Blank size of a bending part depends on part shape (bend width, length of legs, bend angle, and bend radius) and bend allowance. A module namely BSIZE is developed for determination of blank size of part. Execution of the proposed module is depicted in Fig. 7. The module recalls data file FE.DAT, to read part detail. Bend allowance is taken from the data file BALOW.DAT generated during execution of previous module. Next, module unfolds all bends one by one using built-in API (application programming interface) namely ‘UNFOLD’ of Inventor software for determination of blank size. This API uses the matrix transformation approach for unfolding the bends. Finally module displays the three-dimensional (3-D) and two-dimensional (2-D) drawings of blank of bending part for the user. The 3-D drawing of blank is stored in a drawing file labeled as BSIZE.IPT.

Fig. 7

Execution of module BSIZE

(iv) Module BSEQ

For determination of bending sequence, a module namely BSEQ (Bending Sequence) is developed (Panghal et al. 2016). There are certain process variables like bend angle, position of a bend, angle with feed direction, etc., that play a vital role in deciding bend sequence. By considering these parameters, a procedure is developed to determine the bend sequence of a complex bending part. The steps to determine bend sequence are briefly described as under.

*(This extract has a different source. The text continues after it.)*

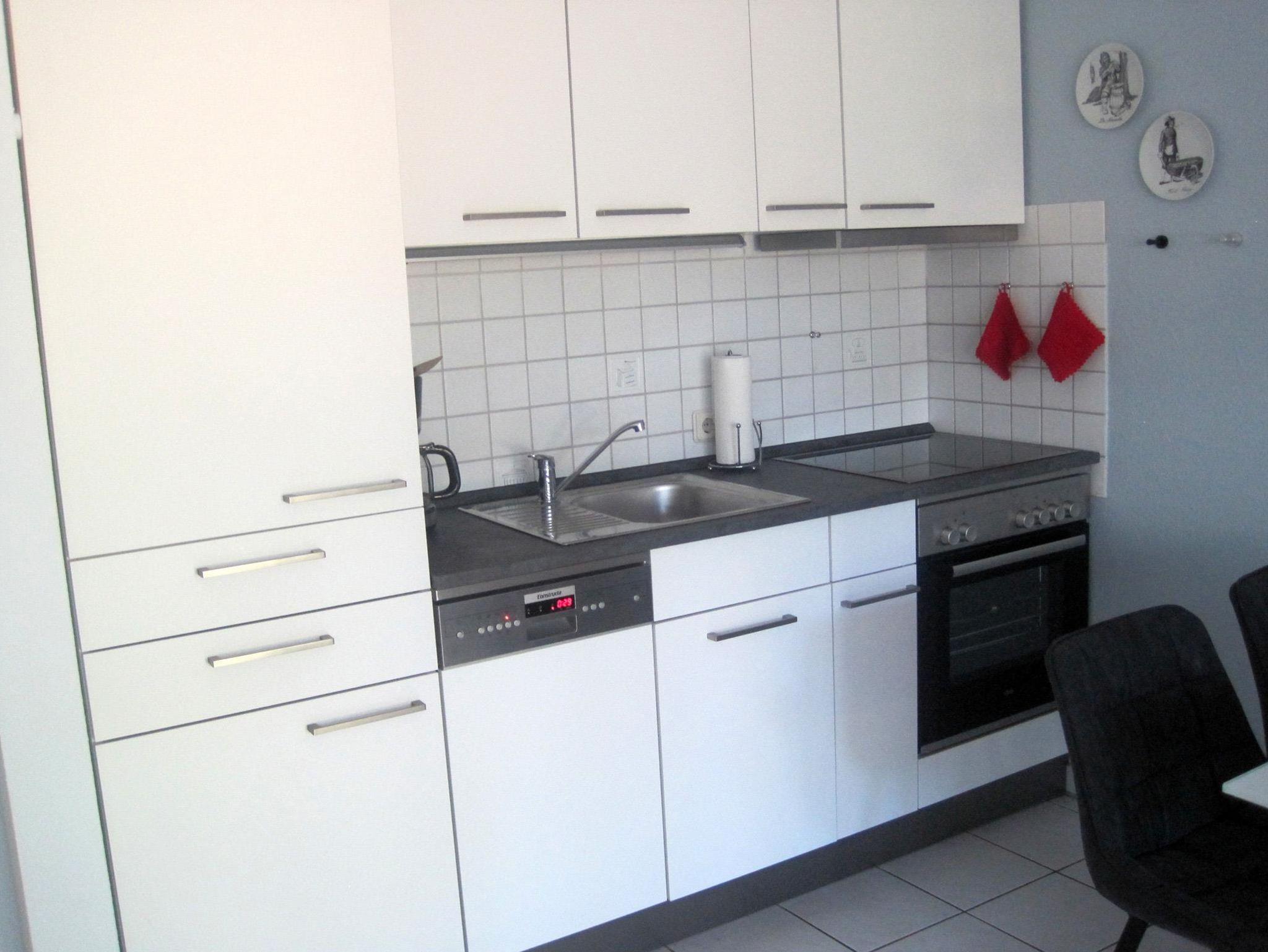 WohnzimmerEckschlafcouch, Couchtisch, Sessel, Hocker, Stehlampe, Anrichte, Flachbildschirm, DVD-Player, Sat-TV, Telefon, Schrank, Stereoanlage mit CD-Player, Esstisch, 4 Stühle, Küchenzeile, 4 Plattenherd mit Backofen, Dunstabzugshaube, Kühlschrank, Spülmaschine, Mikrowelle, Kaffeemaschine, Wasserkocher, Eierkocher, Bügeleisen, Toaster, Geschirr, Kochtöpfe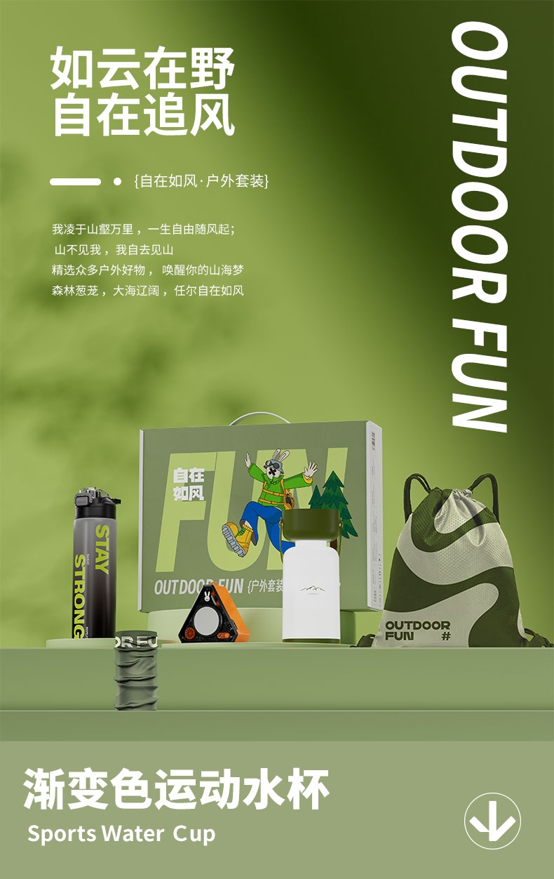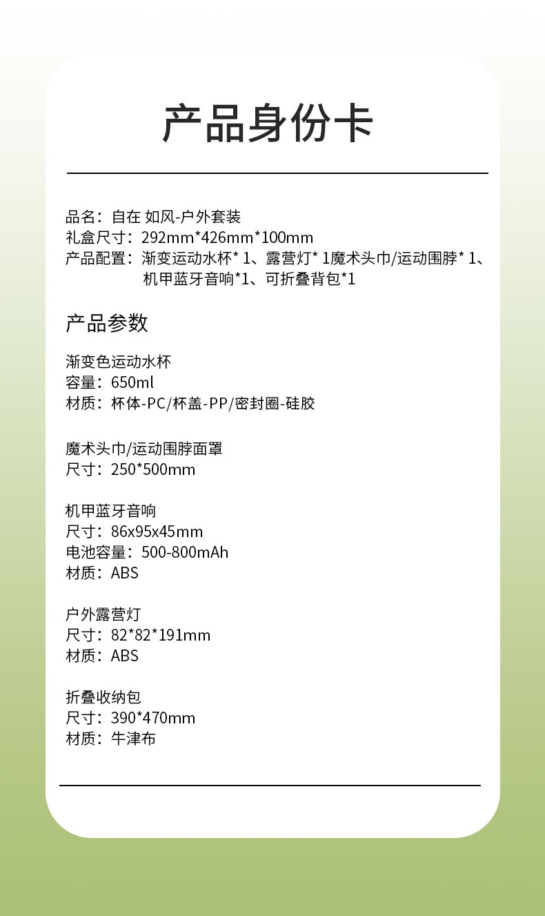 配置清单:渐变运动水杯* 1、露营灯* 1 魔术头巾/运动围脖* 1、机甲蓝牙音响*1 可折叠背包*1、精美礼盒* 1

(a) Identification of base/mother plane

The base plane is most important plane in a bending part. All the bends are formed around it as it remains stationary during bending operation. Base plane is identified on the basis of following criteria:

• It must be centrally located, i.e., base plane must be surrounded by maximum number of bends, and It must be the largest plane.

• If more than one plane qualifies on the basis of above criteria, then selection of base plane is done on the basis of minimum distance between the centers of plane to the farthest bend axis among the qualifying planes.

To implement the above criteria, all planes of bending part are sorted area wise. The plane of highest area is awarded highest marks (i.e., 100 marks) and other planes are awarded marks as per their proportionate area with reference to the plane having highest marks. Thereafter, the planes are sorted as per number of surrounding planes. The plane with highest number of surrounded planes is awarded highest marks and other planes are awarded marks as per their proportionate number of surrounding planes. The plane having highest total marks (i.e., out of 200 marks) awarded as per the above two criteria is selected as base/mother plane. In case of tie of marks among the planes, then selection of base plane is done on the basis of minimum distance between the centers of plane to the farthest bend axis among the qualifying planes. The proposed procedure for identification of base plane is shown in Fig. 8.

Fig. 8

Procedure for selection of base/mother plane

(b) Categorization of Bends

Bends are required to be categorized in such a manner that they have highest probability of getting grouped together. Feed direction plays a vital role in categorization of bends. Bends can be categorized on the basis of bend axis position with reference to the feed direction, i.e., parallel, perpendicular, or inclined.

(c) Grouping of Bends

The bends from each category is required to be grouped together. The purpose of the grouping is to identify the bends which can be formed together. There are many variables on the basis of which bends can be grouped together. After detailed discussion with the domain experts and review of published literature, the following rules have been identified which have much impact on grouping of bends.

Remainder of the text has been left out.